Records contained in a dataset
□ □ □ □ □ □ □
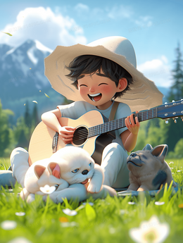 当前位置: 图精灵 > 背景图库 > 插画 > 坐在草地上弹吉他的卡通男孩人物插画
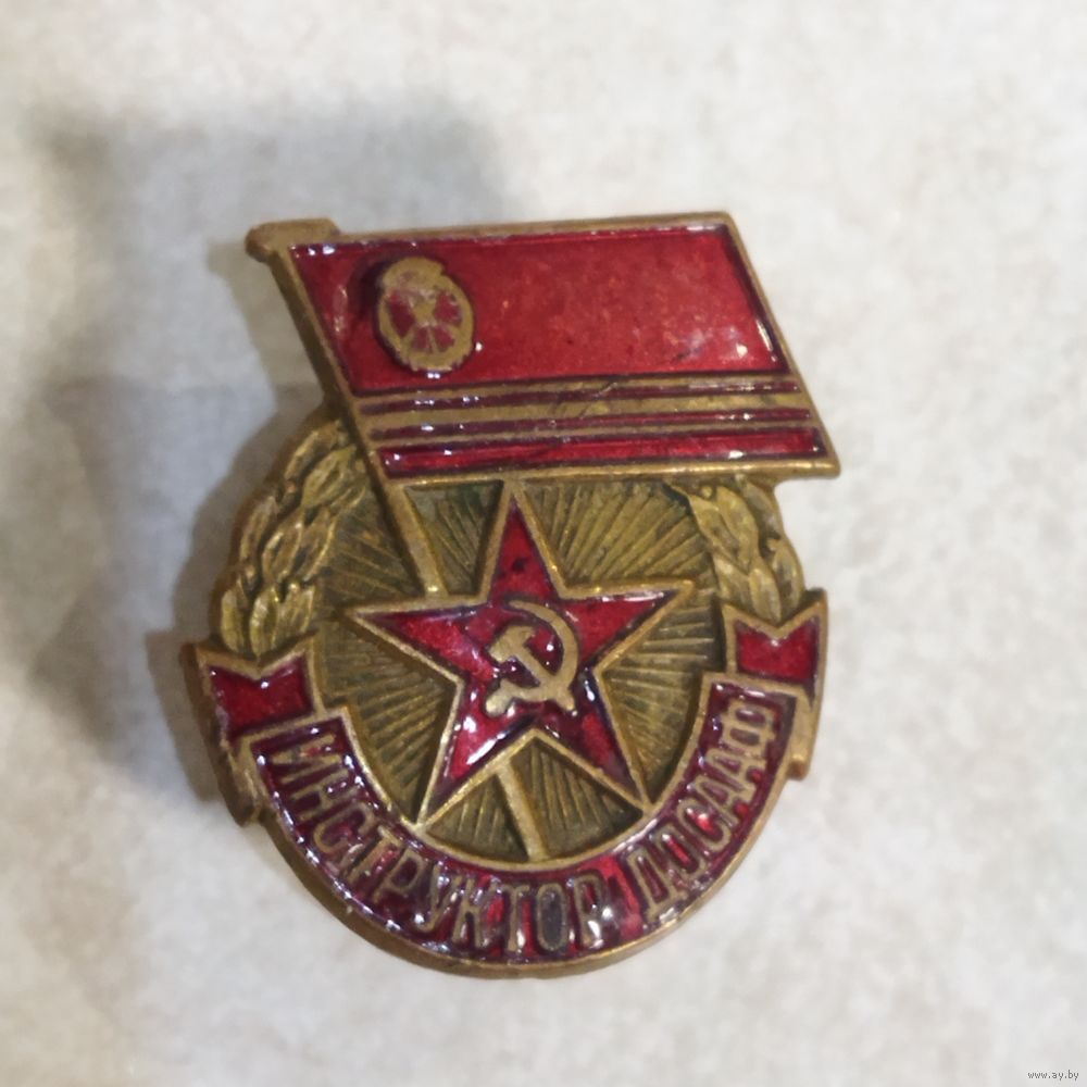 Нагрудный знак. Инструктор ДОСААФ. Тяжёлый металл, горячие эмали. Винт.
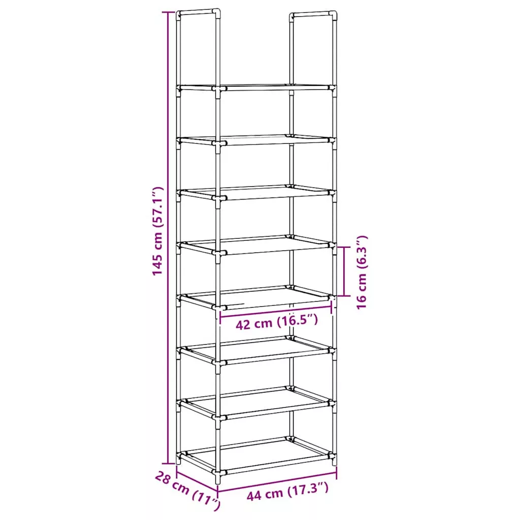 - Bőséges tárolóhely: A 8 szintes kialakításnak köszönhetően ez a cipőtároló bőséges tárolókapacitást biztosít, lehetővé téve, hogy a teljes cipőkollekcióját rendben és jól rendszerezve tartsa egy kényelmes helyen.
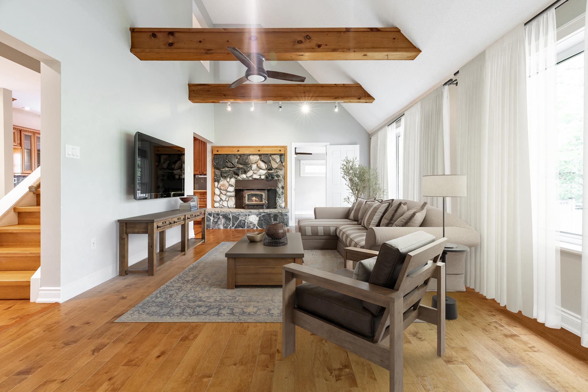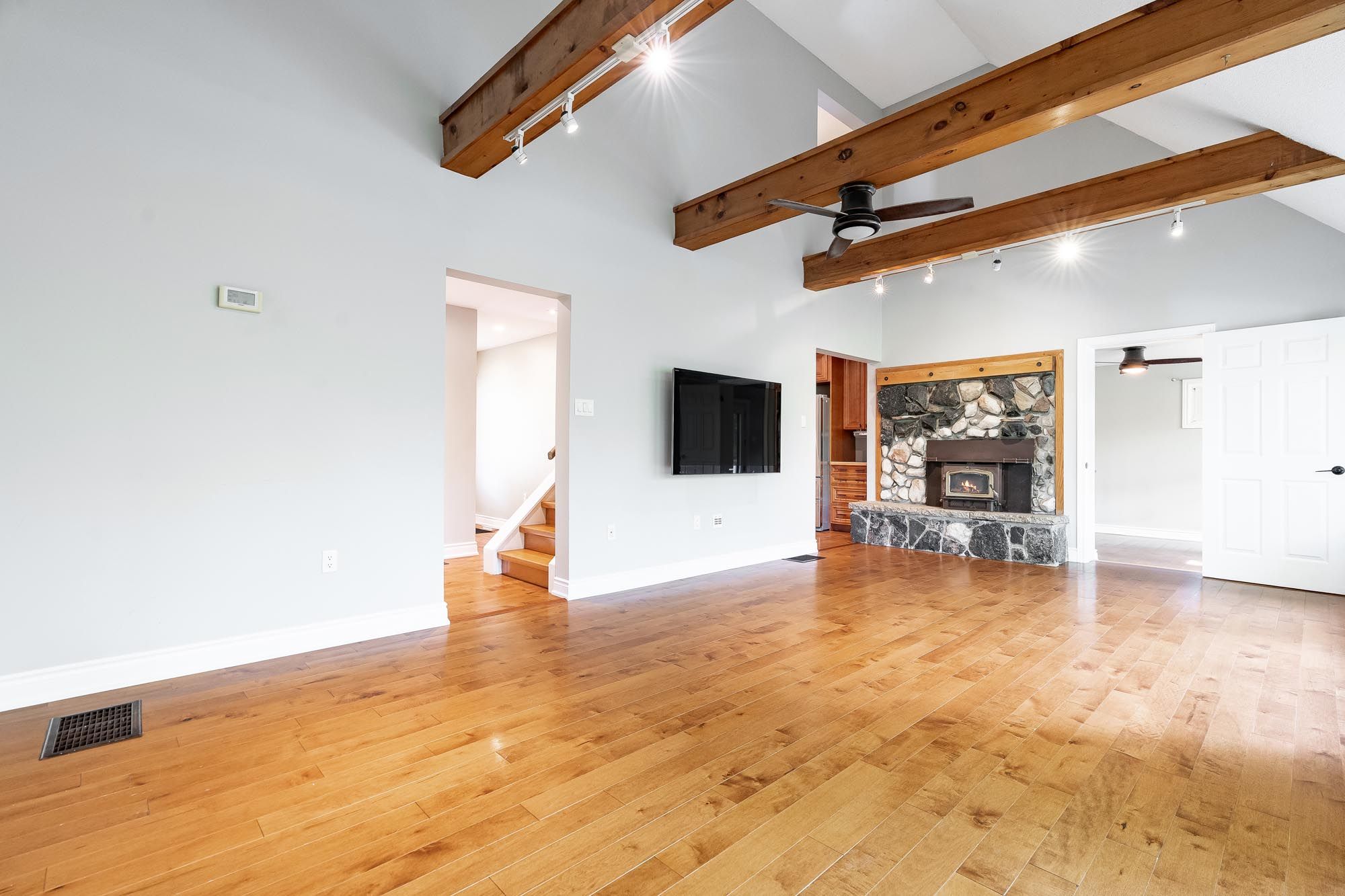 Top 5 Reasons You Will Love This Home: 1) Enjoy a generous 50'x230' lot with over 50' of waterfront, spacious backyard areas perfect for entertaining, relaxing, or heading down the stairs to kayak, boat, fish, or simply take in the river views 2) This detached 2-storey home with a finished basement features a welcoming covered front deck, main level laundry, a bright bedroom with walkout to the backyard, and a renovated4-piece bathroom with a soaker tub and separate shower for added comfort 3) The kitchen includes stainless-steel appliances, a pantry, and dining space, while the living room offers a cozy wood fireplace with a stone surround and oversized windows showcasing peaceful backyard and river views; upstairs, the primary bedroom has a walkout to a large balcony overlooking the water, plus a third bedroom and another 4-piece bathroom, great for guests or extended family 4) Expansive basement hosting a large family room, a recreation area with rough-in for a kitchen or wet bar, a fourth bedroom, another full bathroom, and an oversized cold room ideal for extra storage 5) Set on a quiet street ending in a cul-de-sac, this home offers peace and privacy close to schools, shops, golf, ski hills, and the sandy beaches of Georgian Bay, while still being a convenient commute to Barrie and the GTA. 1,743 above grade sq.ft. plus a finished basement. *Please note some images have been virtually staged to show the potential of the home.
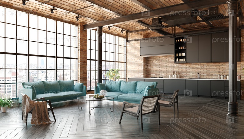 Современная гостиная в лофте с диваном и кухней
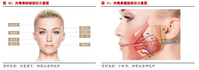 肉毒素主打两个功能:除皱、瘦脸。肉毒素的除皱功能主要针对眉间纹、抬头纹、鱼尾纹等动态皱纹。通过阻断神经与肌肉间的神经冲动,使过度收缩的小肌肉放松,进而达到除皱的效果。肉毒素还可以作用于咬肌,达到瘦脸的效果,对应的产品为瘦脸针。同时,肉毒素的应用还延伸至颈阔肌、斜方肌、腓肠肌进行轮廓肌重新塑造,实现瘦肩、瘦小腿效果。肉毒素注射后的 3-14 天即可显现效果,除皱效果通常维持在 4-6 个月。
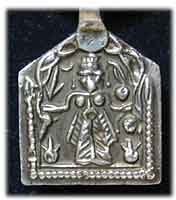 antikes Silberamulett mit Frauenfigur Symbol für fruchtbare Ernten und Fruchtbarkeit Gewicht 10 g 3,2 x 3,5 cm € 82,- Bestell-Nr. 501202
□ □ □ □ □ □ □
**ACTIVITY**
Using the entries above, extract exactly the lines from the one that contains "Нагрудный знак. Инструктор" through the one that contains "- Bőséges tárolóhely: A". Do not carry over any pictures.

**TASK RESPONSE**
 Нагрудный знак. Инструктор ДОСААФ. Тяжёлый металл, горячие эмали. Винт.
 - Bőséges tárolóhely: A 8 szintes kialakításnak köszönhetően ez a cipőtároló bőséges tárolókapacitást biztosít, lehetővé téve, hogy a teljes cipőkollekcióját rendben és jól rendszerezve tartsa egy kényelmes helyen.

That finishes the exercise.